Annie Oakley

Annie Oakley

Annie Oakley

Annie Oakley (1860-1926), originally Phoebe Anne Oakley Mozee, was known as "The Peerless Lady Wing-Shot," for her marksmanship. She led one of the fabled lives of America's Wild West.

Annie Oakley was born in a Drake Country, Ohio, log cabin on Aug. 13, 1860, the sixth of eight children. After her father died in a blizzard, she began shooting rabbits and quail to provide the family income. Then she went to town, won a shooting match against a vaudeville star named Frank E. Butler, and earned more by shooting glass balls and playing cards at 30 paces.

A few years later she married Butler, and he became her manager. Buffalo Bill hired them for his Wild West Show in 1885. Helped by publicists like Nate Salsbury and her own incredible shooting eye, Oakley remained a star for 17 years, surmounting even a train wreck in 1901 that partially paralyzed her for a time.

Let no one doubt that Oakley could do what she claimed. Thousands of people saw Annie slice a playing card with the thin edge toward her by shooting at 30 paces. Kaiser Wilhelm II had her shoot a cigarette out of his lips. She was death to moving glass balls; one day, by official count, she shot 4,772 out of 5,000.

Oakley charmed everyone with her simplicity and modesty, including Queen Victoria. Dressed in western costume and beating many a man in what was traditionally a masculine world, she intrigued young and old alike. (No wonder that Irving Berlin made her the subject of his Broadway musical Annie Get Your Gun, which played throughout the 1950s.)
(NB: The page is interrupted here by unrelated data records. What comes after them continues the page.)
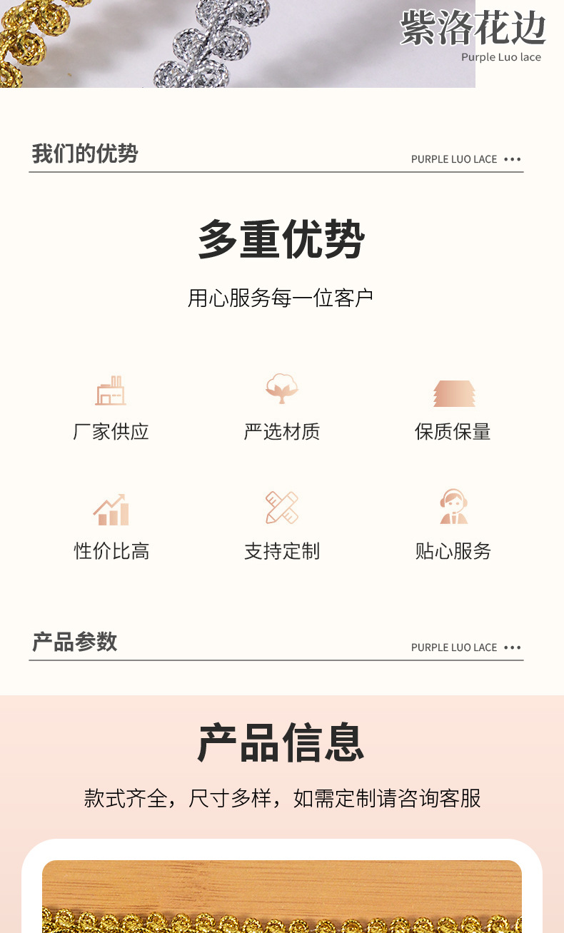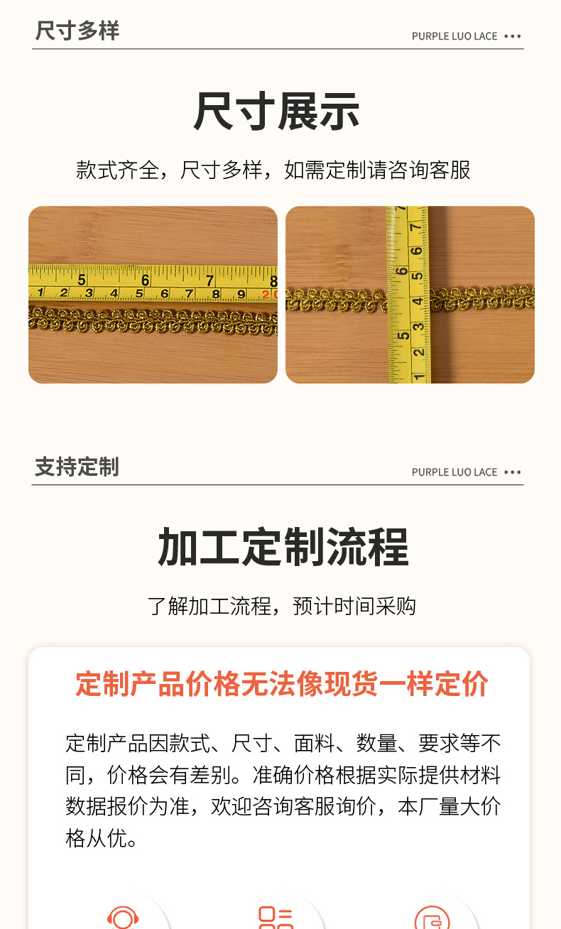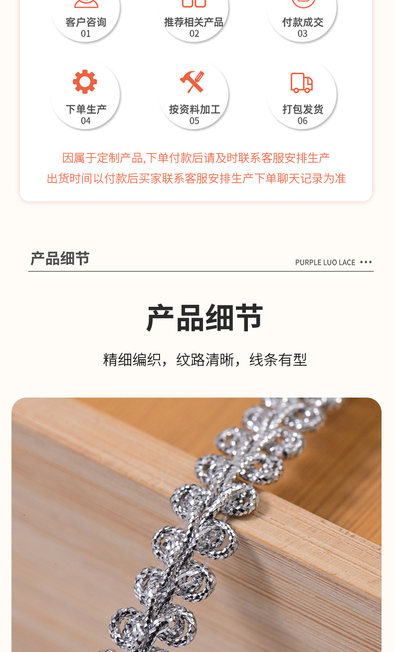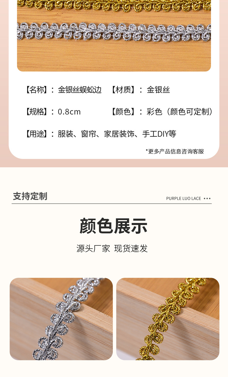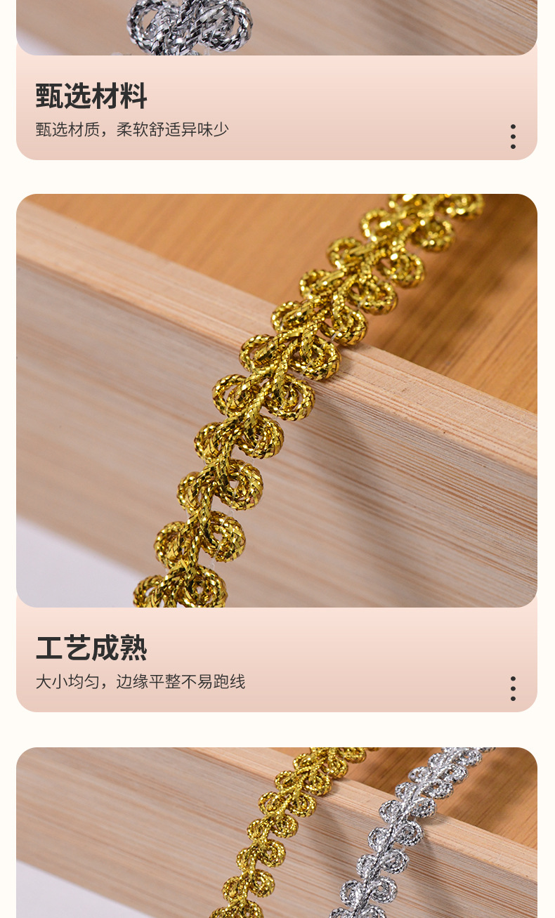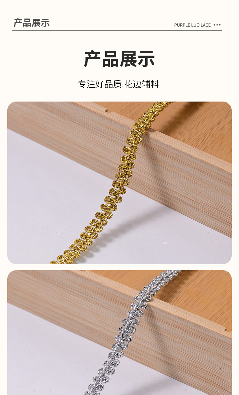 공장 직접 재고 공급 0.8cm 금 및 실버 지네 가장자리 헤링탑 레이스 의류 의류 홈 섬유 액세서리스토어 가기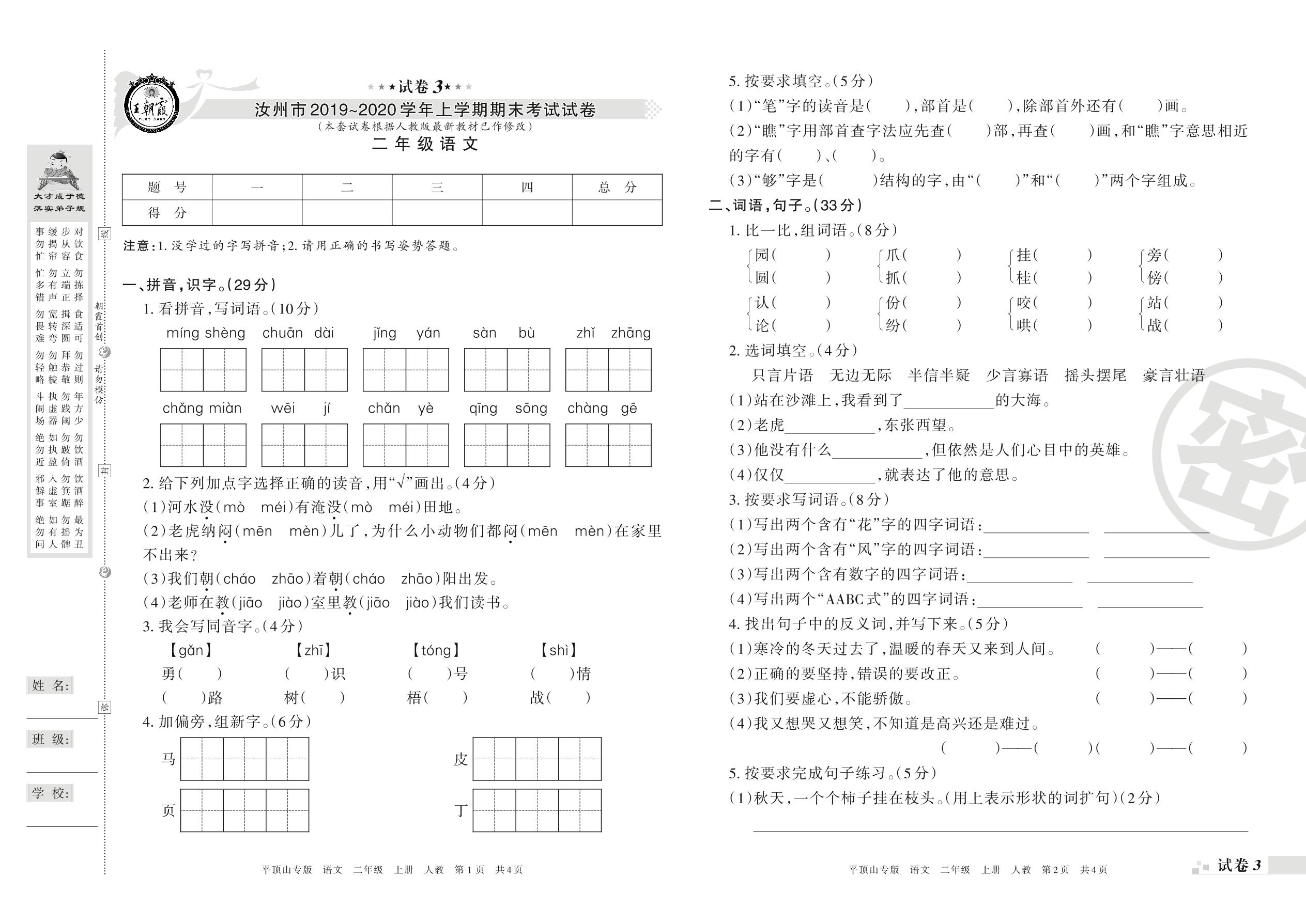 2019-2020学年第一学期汝州市二年级语文试卷(人教版)【3】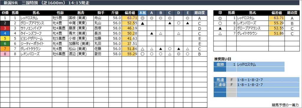 新潟9R 三国特別 (芝1600m) 14:15発走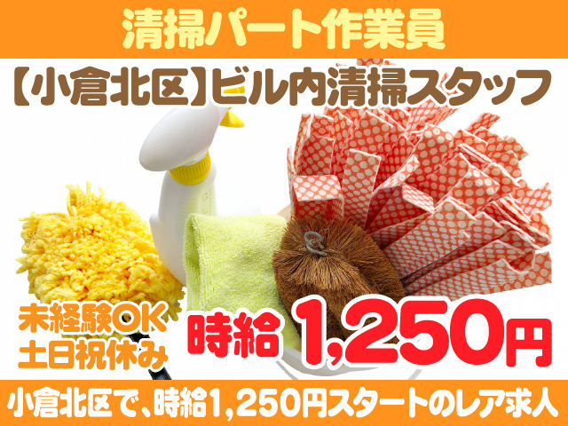 福岡県北九州市小倉北区【清掃パート作業員】小倉北区にあるビル内清掃のお仕事の募集内容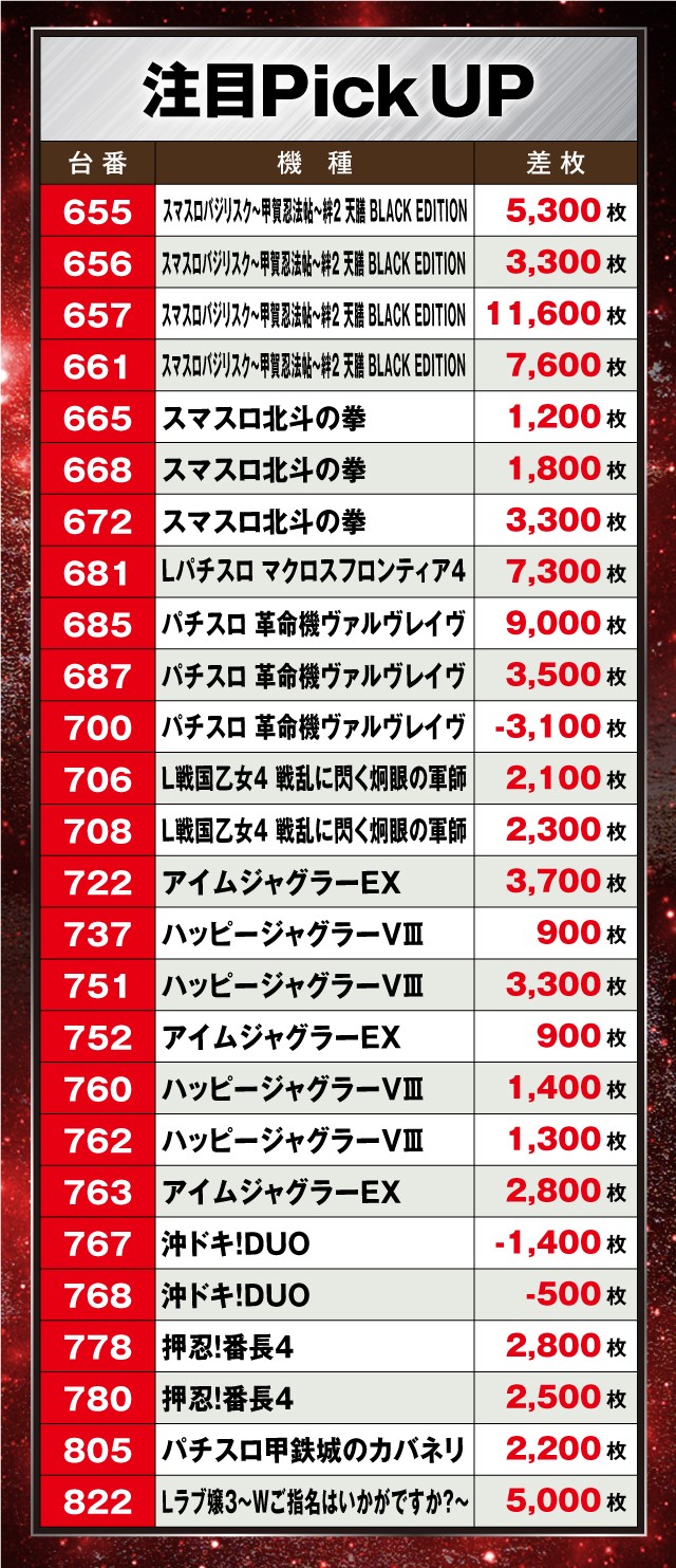 なかでも『スマスロバジリスク~甲賀忍法帖~絆2 天膳 BLACK EDITION』が3台並びで注目を集めており、平均+6,733枚と機種のポテンシャルを最大限に発揮していた!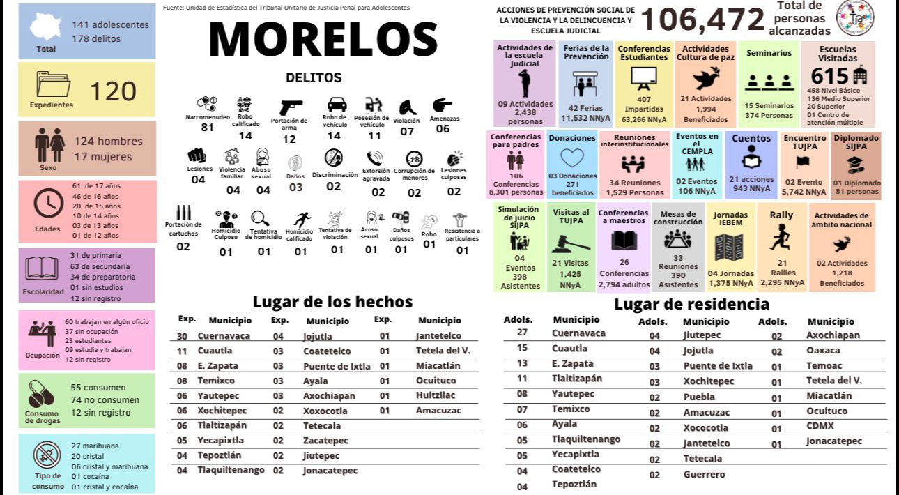 Durante el periodo de enero a diciembre de 2025, un total de 141 adolescentes estuvieron involucrados en 178 delitos en el estado de Morelos, informó la Unidad de Estadística del Tribunal Unitario de Justicia Penal para Adolescentes (TUJPA).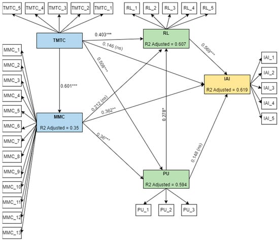 Perceived usefulness mediates the relationship between TMTC and IAI.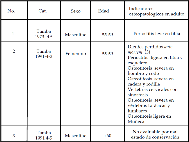 Considerando únicamente a aquellos individuos mayores de 50 años, hicimos un análisis con los indicadores de salud, que pueden revelar aspectos interesantes sobre la biografía de estos individuos. Algunos de los indicadores de disrupción biológica (estrés), como son las líneas de hipoplasia en el esmalte dental, se producen comúnmente por problemas nutricionales durante la infancia, ya que el diente se encuentra en proceso de crecimiento, y esto revela la situación biosocial del niño en la etapa de mayores requerimientos biológicos que es la del crecimiento [Goodman et al. Goodman et al. 1987; Goodman y Armelagos 1985; Goodman y Rose 1991; Goodman y Martin 2002]. De los 23 individuos únicamente dos mujeres presentaron líneas de hipoplasia dental, que revelan problemas nutricionales durante su periodo de crecimiento. Fueron enterradas bajo el piso de los cuartos de las unidades domésticas. Todos los demás esqueletos sólo registran enfermedades durante la edad adulta. Otros indicadores de estrés se relacionan, como ya mencionamos, con los procesos degenerativos en el transcurso de la vida y que se agudizan después de los 45 años: osteofitosis en las articulaciones, osteoporosis, pérdida ante mortem de dientes, pérdida de densidad ósea en las epífisis de huesos largos, procesos generales de descalcificación y pérdida de minerales. La información sobre la ubicación de los 23 esqueletos de adultos mayores de 50 años, identificados, ya fuera en tumba, o entierro (fosa o cista), y el sexo, revelan que los hombres, en su mayoría (61%) estaban enterrados en fosas y cistas y alrededor de 40% en tumbas. De igual forma las diferencias por sexo en las tumbas muestran el porcentaje más grande para hombres (67%) y en los entierros en fosas y cistas de 57%. En el cuadro general se encuentran asentados los datos del número de catálogo, el sexo, la edad y los indicadores de estrés (cuadros 2 y 3).

A fundamentalist in religion, Oakley read the Bible throughout her life. She was never involved in the kind of scandal that plagued Buffalo Bill, and at least 18 orphan girls were educated through her generosity.

When Annie Oakley died on Nov. 3, 1926, there was wide mourning and many tributes. By then, any punched complimentary ticket—which looked as if it had holes shot through it—was called an "Annie Oakley." Born at the beginning of the Civil War, she lived through the "classic period" of transition from frontier to 20th-century statehood in the West. Whether or not she was the best lady shot in that epoch, she certainly was thought to be best; fact, fiction, and musical comedy have combined to make "Sharpshooter" an indelible adjunct to her name.

Further Reading

The first creditable biography of Annie Oakley, Courtney Riley Cooper's Annie Oakley: Woman at Arms (1927), was surpassed by Annie Fern Swartwout, Missie: An Historical Biography of Anne Oakley (1947). See also Stewart H. Holbrook, Little Annie Oakley and Other Rugged People (1948), and Walter Havighurst, Annie Oakley of the Wild West (1954).

Additional Sources

Havighurst, Walter, Annie Oakley of the Wild West, Lincoln: University of Nebraska Press, 1992.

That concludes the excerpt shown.